I wonder if OpenMP has, or plans to have, a method to protect arrays from collisions. I wonder if Intel could make some switch that recognizes an array, of maybe they did so and abandoned it in version 11.

FYI, I tried "#pragma omp critical" on the line in the inner loop of the accumulation. It gave correct results but took a long time to compute, 9 times longer than with no OpenMP whatsoever. Setting and releasing locks in the inner loop is obviously not a good idea.

jimdempseyatthecove · ‎10-21-2009

I live in what used to be my father's house known in the area as "The Cove".

What you might consider doing then is method 3..

Create n arrays of out, one for each thread team member number. This will reduce the storage requirement from (1000:2000) * 32MB to n * 32MB. Then after you perform the outer most parallel for loop reduce the n arrays into array[0].

4th method (requires no additional memory)

Just inside the parallel for loop (that runs through immages) divide the out array into n slices (one slice for each thread), derive the slice number from the omp_get_thread_num(). Note, you can use a firstprivate using an external to for loopint threadNum=-1; and internal to for loop if(threadNum < 0) threadNum = omp_get_thread_num(); (or use TLS). Or bear the overhead of the function calls. With array out divided up in this manner no two threads will access the same cells.

If you find threads finishing up at a large skew then set schedule(static, 1) or try schedule(dynamic). Try schedule(dynamic). first.

Don't use critical, it will slow you down. Program to avoid critical.

Jim Dempsey

smithpd · ‎10-21-2009

Thanks again, Jim. Those are some interesting ideas, and you have enriched my understanding of OpenMP. I really think, though, that implementation #2, looping over rows of the out matrix, is best for me. That is because (a) it is the simplest code, which can be understood at a glance, (b) it requires no additional memory, and (c), I think now that the additional run time compared to the first (incorrect) method is nil, or at least not large enough to warrant making the code more complicated.

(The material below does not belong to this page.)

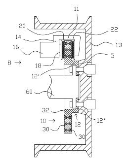 braking. Heat is then quickly conducted away by hat 12 into wheel 13, so that disc 11 shrinks when braking

So, I have done #2, and it works fine.

Thanks again.

jimdempseyatthecove · ‎10-22-2009

One other quick and dirty (clean) experiment

add

#pragma omp parallel (your shared/private here)
{ // scope of parallel region
for(... outer loop here
{
// (omit parallel from line))
#pragma omp for
for(... // inner parallel loop as you have now
{
...
} // end of #pragma omp for
} // end of for(... outer loop here
} // end scope of parallel region

What the above will do is reduce the numberof timesa thread pool isassembled/dissassembled.

Jim Dempsey.

jimdempseyatthecove · ‎10-22-2009

You may need to add #pragma omp barrier too

#pragma omp parallel (your shared/private here)
{ // scope of parallel region
for(... outer loop here
{
// (omit parallel from line))
#pragma omp for
for(... // inner parallel loop as you have now
{
...
} // end of #pragma omp for
// barrier should be implicit here
// if you have problems add
#pragma omp barrier
} // end of for(... outer loop here
} // end scope of parallel region

jimdempseyatthecove · ‎10-22-2009

#pragma omp parallel (your shared/private here)
{ // scope of parallel region
for(... outer loop here
{
#pragma omp master
{

}
#pragma omp barrier
// (omit parallel from line))
#pragma omp for
for(... // inner parallel loop as you have now
{
...
} // end of #pragma omp for
// barrier should be implicit here
// if you have problems add
#pragma omp barrier
} // end of for(... outer loop here
} // end scope of parallel region

smithpd · ‎10-26-2009

I was off on Friday. I'll try those ideas today.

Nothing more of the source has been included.